Dr. McCoy is an Associate Professor in Residence in the Division of Epidemiology and Biostatistics. She studies how social, economic, and cultural forces influence disease transmission and health outcomes. Dr. McCoy has explored these relationships through the lens of HIV infection and reproductive health. Using diverse approaches, her goal is to identify innovative, cost-effective, and scalable interventions to overcome global health challenges.

Dr. Erin Murphy-Graham

Erin Murphy-Graham, PhD

Dr. Murphy-Graham works in comparative and international education, teaching international development and qualitative research methods.Her research focuses on: the process by which education fosters the empowerment of girls and women, and conceptualization of empowerment; the role of education in changing how students relate, particularly in intimate relationships and trust building; 3) the evaluation of educational empowerment programs for youth and adults in Latin America.

Professor Ndola Prata

Ndola Prata, MD, MSc

Dr.

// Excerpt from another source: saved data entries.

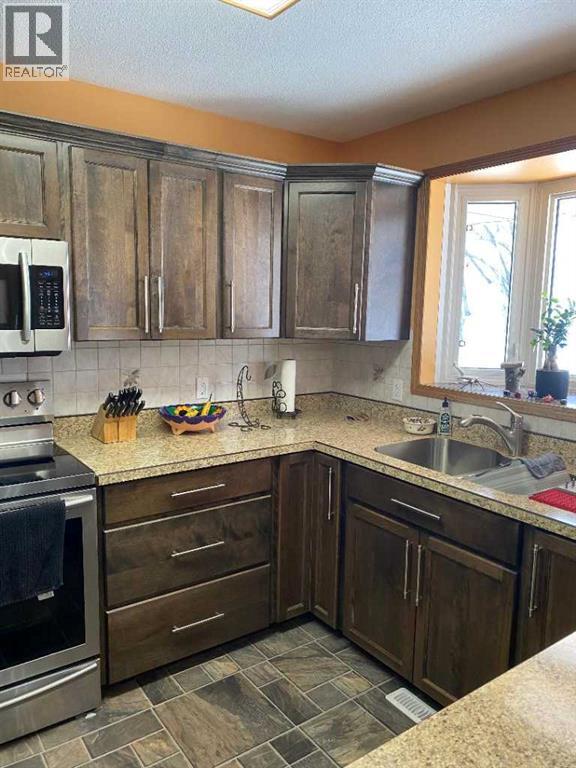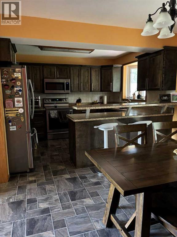 Peaceful country living just minutes from Manning. Welcome to this beautifully updated 5 bedroom, 2 bathroom split entry home situated on 2.3 acres, just 7 kms West of the Town of Manning. Built in 1981 and offering 1226 sq. ft of thoughtfully designed living space, this property combines the charm of country living with modern upgrades and conveniences. Step inside to an inviting open-concept layout featuring a bright kitchen, dining and living area - perfect for family life and entertaining. The kitchen was fully renovated in 2019 with stylish new cabinetry, offering both functionality and fresh modern feel. The main level includes spacious bedrooms and convenient bathroom, while the fully finished basement provides additional living space with 2 bedrooms, 3 piece bathroom (renovated in 2023), laundry area and a cozy family room. There is no shortage of storage though out the home. Enjoy peace of mind with numerous recent upgrades, including new furnace and hot water heater, durable tinned roof (2024) and a new auto pump sewer system (2025). Outside the fully landscaped yard is ready to enjoy, complete with a fire pit area, an 8 x 10 shed and private 3 person hot tub with a privacy screen - perfect for relaxing evenings under the stars. The paved driveway and access to town water add extra convenience, while the attached double garage provides ample parking and storage. This move-in-ready acreage offers the perfect blend of space, privacy, and modern updates all within a short drive to town amenities. (id:51989)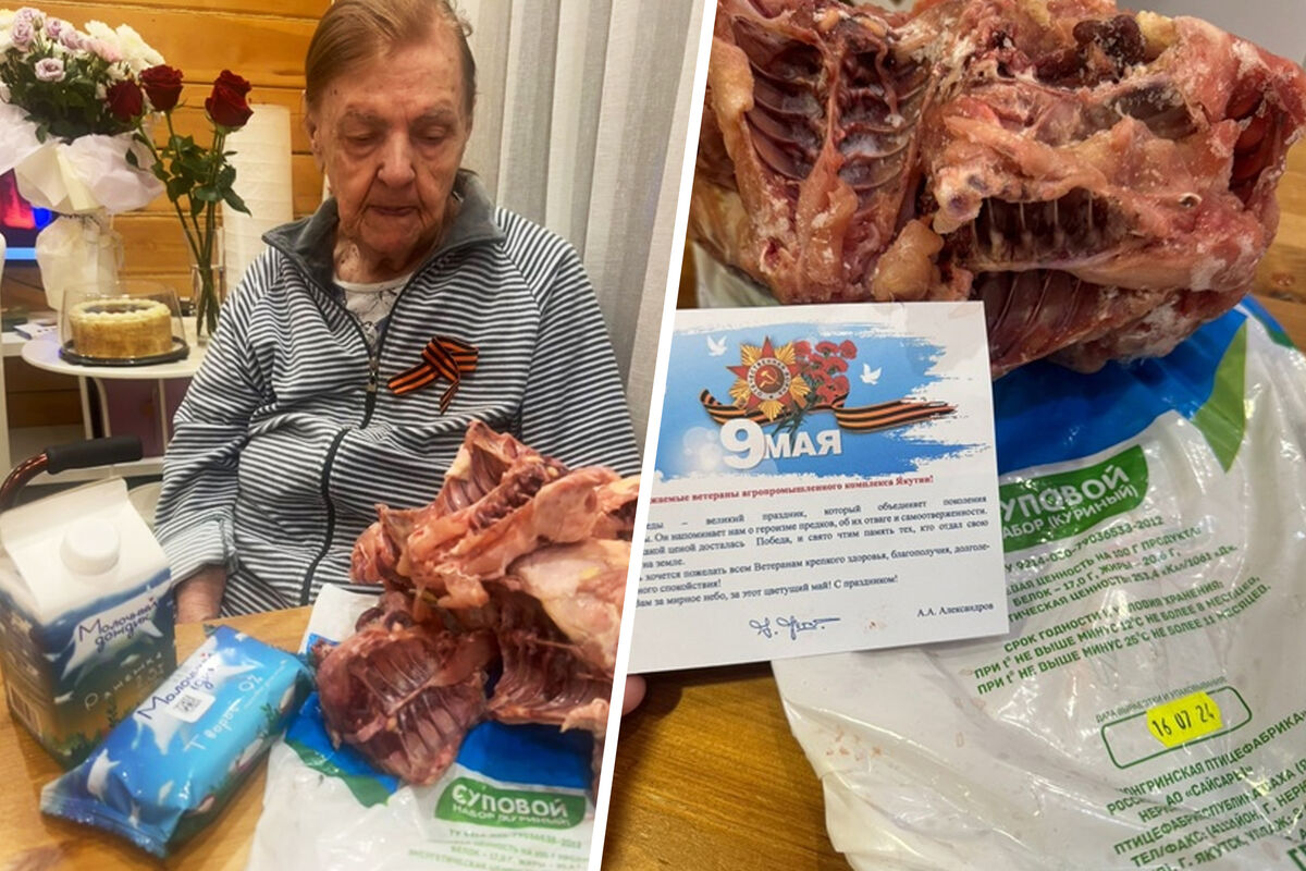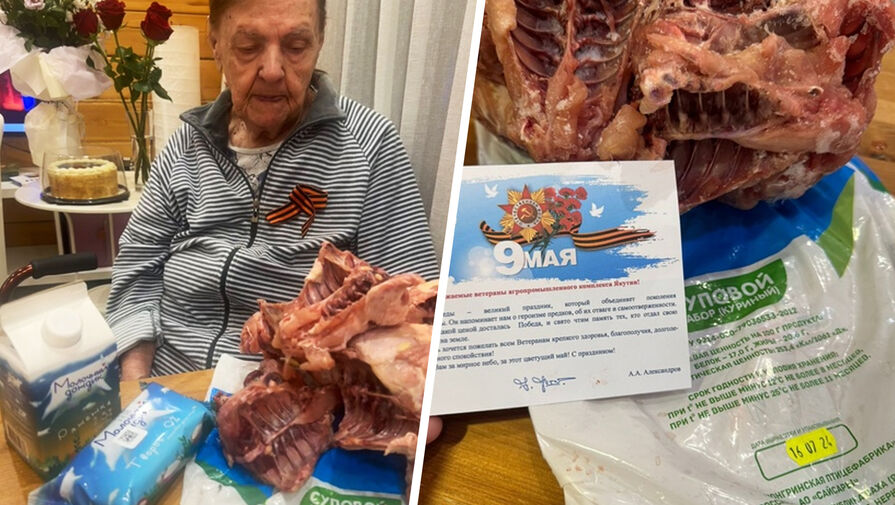 В Якутии ветерану тыла, вдове ветерана Великой Отечественной войны Таисии Хромовой подарили на 9 Мая суповой набор из костей, изготовленный в июле 2024 года, и творожок с ряженкой. Об этом рассказал якутский предприниматель и член «Общероссийского народного фронта» Антон Жондоров, к которому обратились внуки пенсионерки. К подарку также прилагалась открытка за подписью министра сельского хозяйства республики Артема Александрова.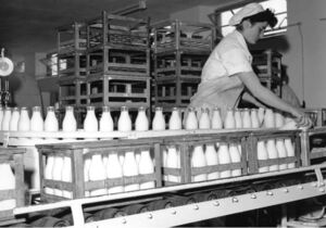 Milchabfüllung in Flaschen (1956) - Steiner Egon commons.wikimedia.org, Standardurheberrechtsschutz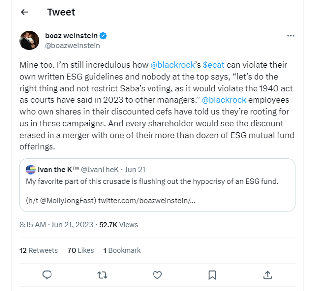 Tortoise was once thought to be too big to tackle for activists, but Boaz Weinstein has laid that idea to rest, and all closed-end fund managers and sponsors are now targets if the discounts to NAV of these funds are too wide.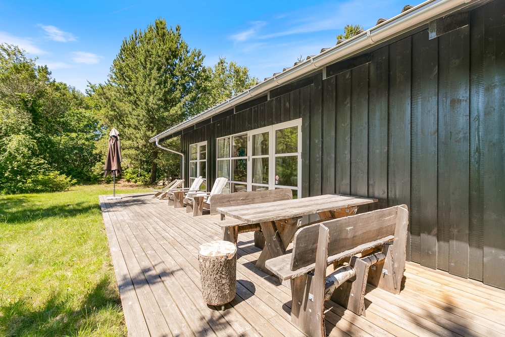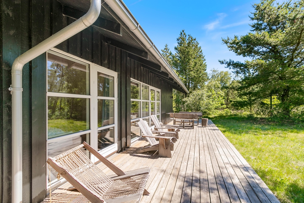 Feriehuset ligger omkranset af træer, der sørger for både læ og privatliv, så I uforstyrret kan nyde ferien på terrassen og ind i huset. Feriehuset har en dejlig, åben terrasse, hvor du kan sidde og nyde naturgrunden. Der er naturligvis havemøbler, liggestol og en grill, så I kan få det meste ud af solskinsdagene. På den imponerende 2250m2 store naturgrund kan I nyde roen og skønheden i de naturlige omgivelser og her er et dejligt grundstykke, hvor børn og barnlige sjæle vil kunne slå sig løs og lege på den store grund.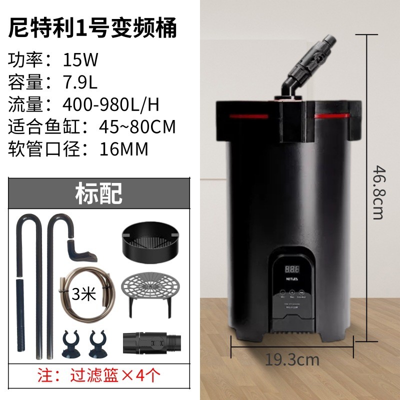尼特利变频过滤桶鱼缸外置过滤器三合一净水过滤系统循环兰保滤桶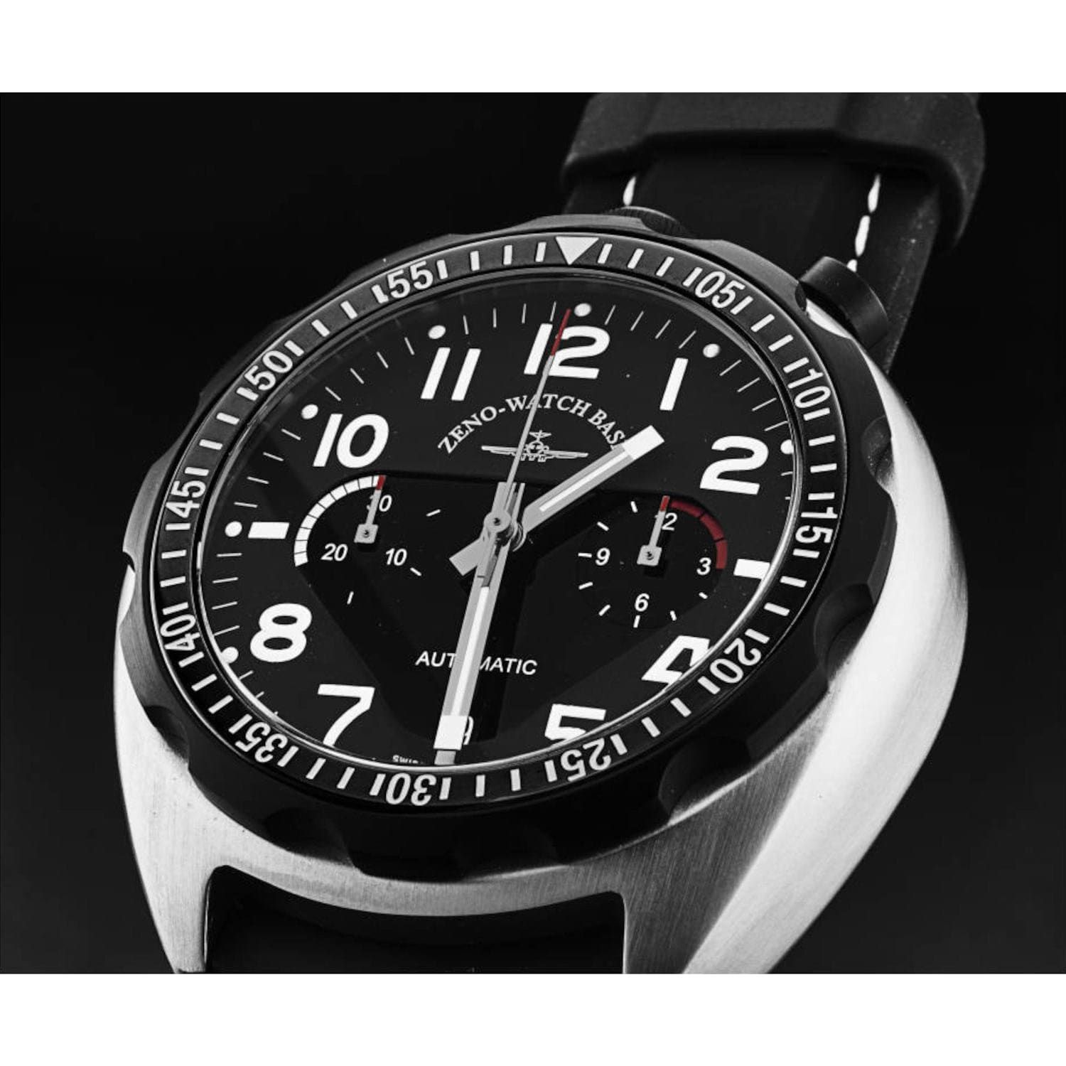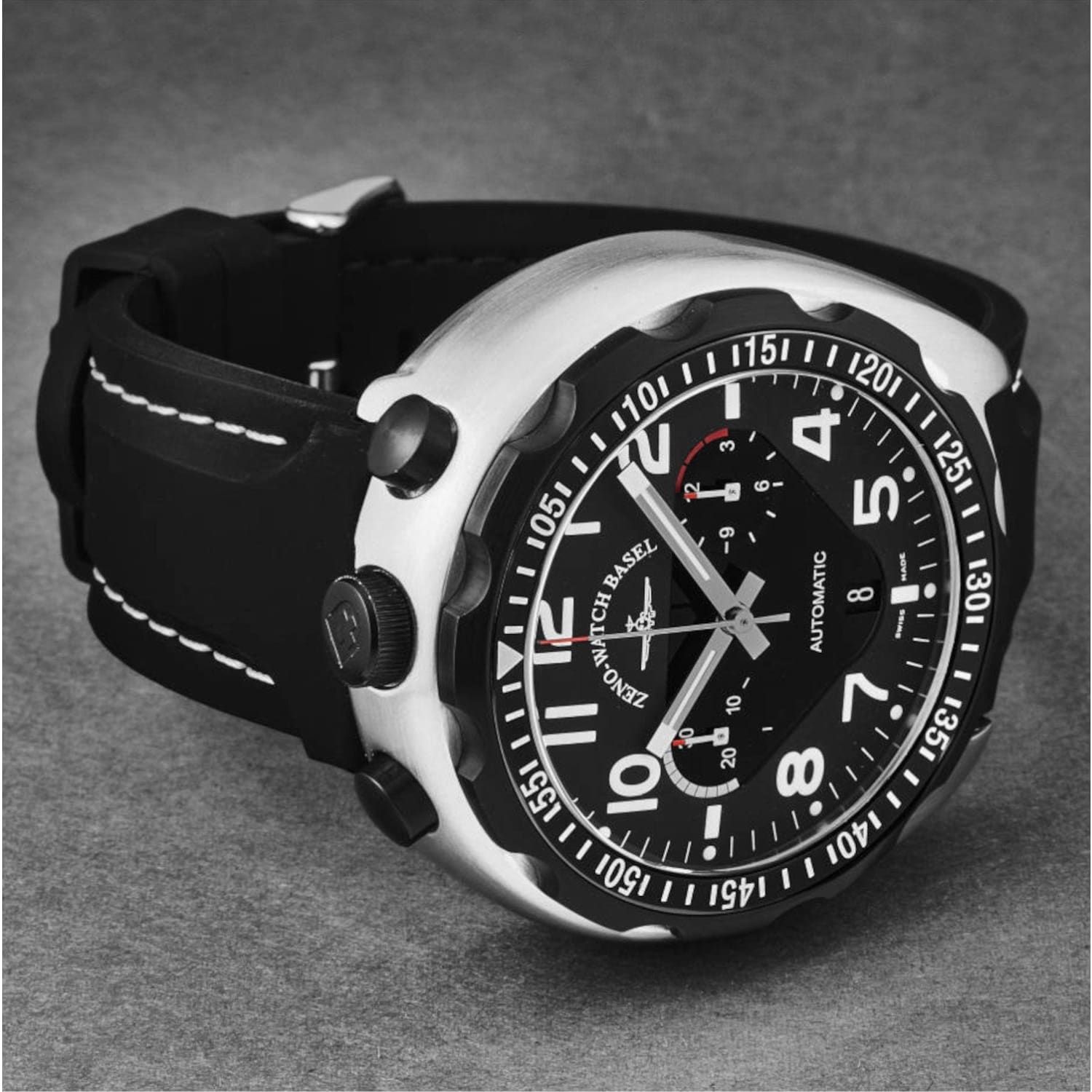 Zeno 6528-THD-A1 Men's 'Pilot Bullhead' Chrono Limited Edition Black Dial Black/White Rubber Strap Automatic Watch features a stainless steel 47mm case; with a fixed bezel; a black dial and a scratch resistant sapphire crystal. The 22mm leather band is fitted with a tang clasp. This beautiful wristwatch; powered by Swiss automatic movement. This watch has a water resistance of up to 1000 feet/300 meters; suitable for recreational swimming; not for diving and snorkeling.

Prata is a founding co-Director of i4Y, the Director of the Bixby Center for Population, Health & Sustainability, a Professor in Residence in Maternal and Child Health and the second holder of the Fred H. Bixby Endowed Chair in Population and Family Planning in the School of Public Health at UC Berkeley. She is a physician and medical demographer from Angola. Her research focuses on the design, implementation, and evaluation of maternal, sexual and reproductive health interventions that maximize distribution and financing to increase access to care, contraceptives and abortion in developing countries, particularly for underserved populations. 

Dr. Stone

Susan Stone, PhD

Susan Stone is Associate Dean for Academic Affairs and Catherine Mary and Eileen Clare Hutto Professor of Social Services in Public Education at the School of Social Welfare. Her interests include understanding family and school influences on child and adolescent academic performance, especially for urban and at-risk children and youth; parenting under stress; family treatment; linking families, schools, and communities; school-based social work practice; mixing quantitative and qualitative methods; and multi-level statistical modeling.